9. We are aware that complaints of police excess in the course of detection of crime or in the matter of handling the persons who are taken in custody by the police in the course of investigation are increasing in number day by day. The question whether or not it the face of such rising number of complaints the State Government should withhold the sanction without ordering proper injury or whether or not it should refuse the sanction only to afford protection to the police officers is a question which is to be decided by the Government as a matter of policy at its own level. In view of the special emphasis that is now being laid on the question of protection of human rights, we are sure, the Government of the state would pay due attention to this issue in its proper perspective. For the, time being we are concerned with the enforcement of the law as it stands interpreted by the course of law.
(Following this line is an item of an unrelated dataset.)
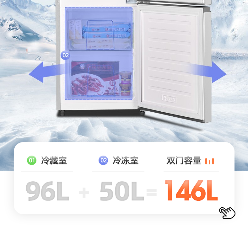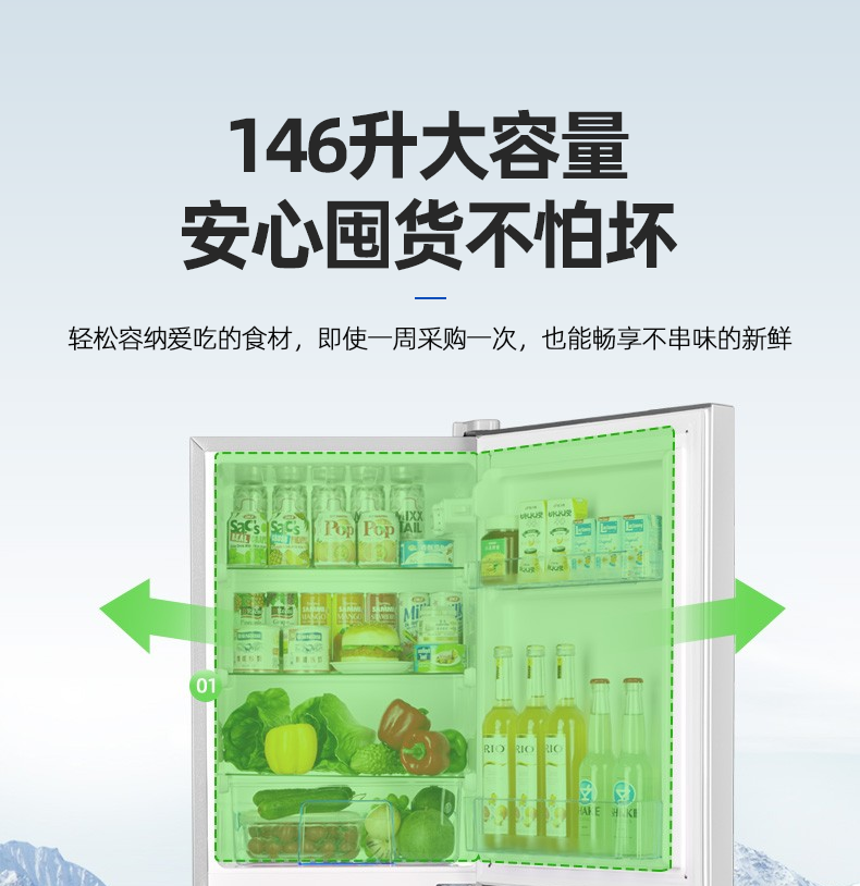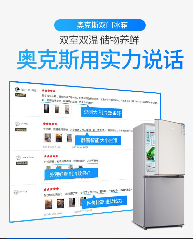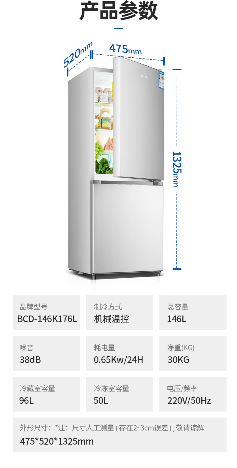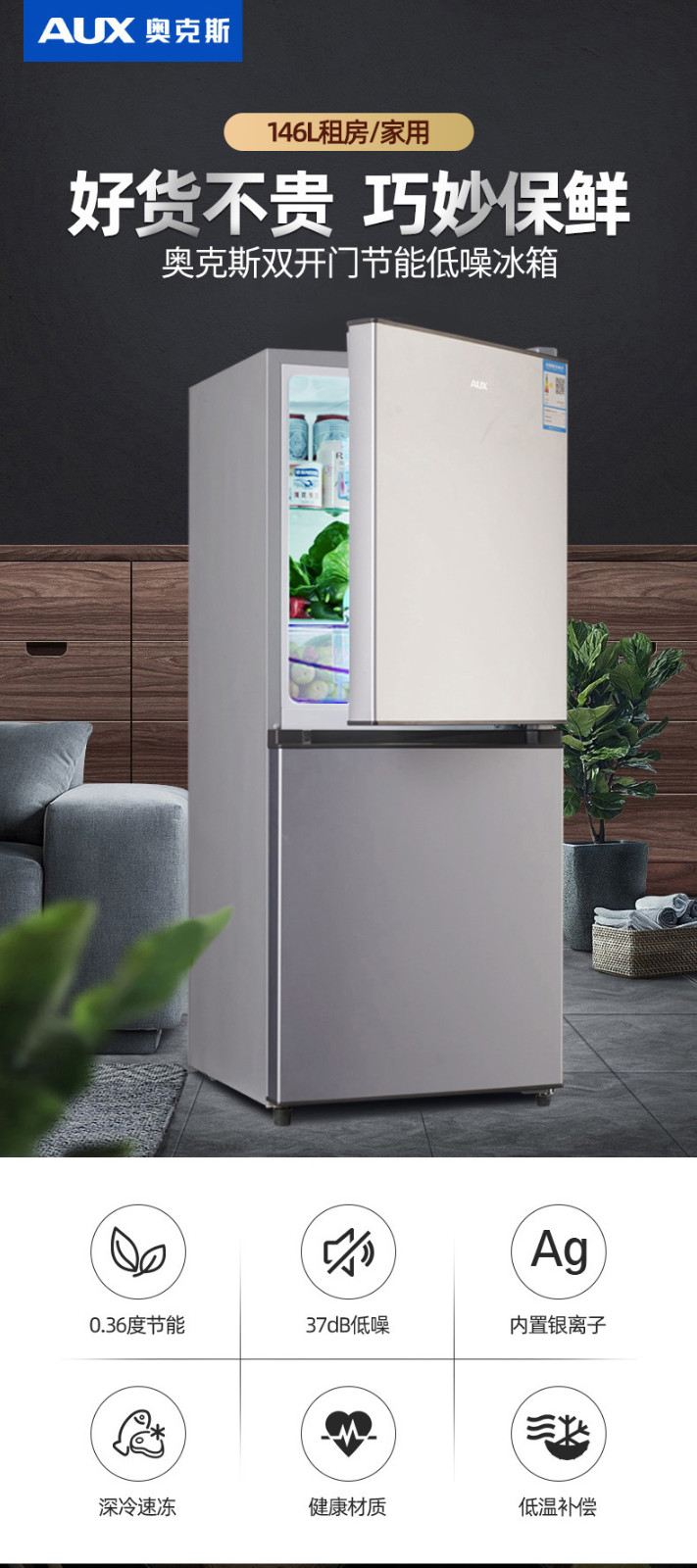 146P-176L-奧克斯146/182L雙開門冰箱小型家用電冰箱雙門大容量節(jié)能宿舍租房

We are therefore obliged in the present case to decide the matter according to that law. That does not however mean, nor should it be construed to mean that we are not serious about the excess allegedly committed by the police in the matter of investigation of the offences or in the matter of handling persons who are in custody. We only hope that the Government would consider the matter in its proper perspective and would take adequate steps to give redress to the persons who are really wronged by the police by their excess. 10. As a result of the legal position considered above, however, we are constrained to grant the present application and quash the impugned order dated 7thOctober, 1993 passed by the learned Judicial Magistrate, First Class, Panaji in Private Criminal Case No. 165/90/C. We order that the complaint stands dismissed for want of appropriate sanction. Rule made absolute accordingly. Application Allowed. Complaint dismissed. 1. 1990 (2) Bom. C.R. 297. 2. A.I.R. 1969 S.C. 686. 3. 1988 (1) Bom. C.R. 219. 4. 1985 (2) Bom. C.R. 778.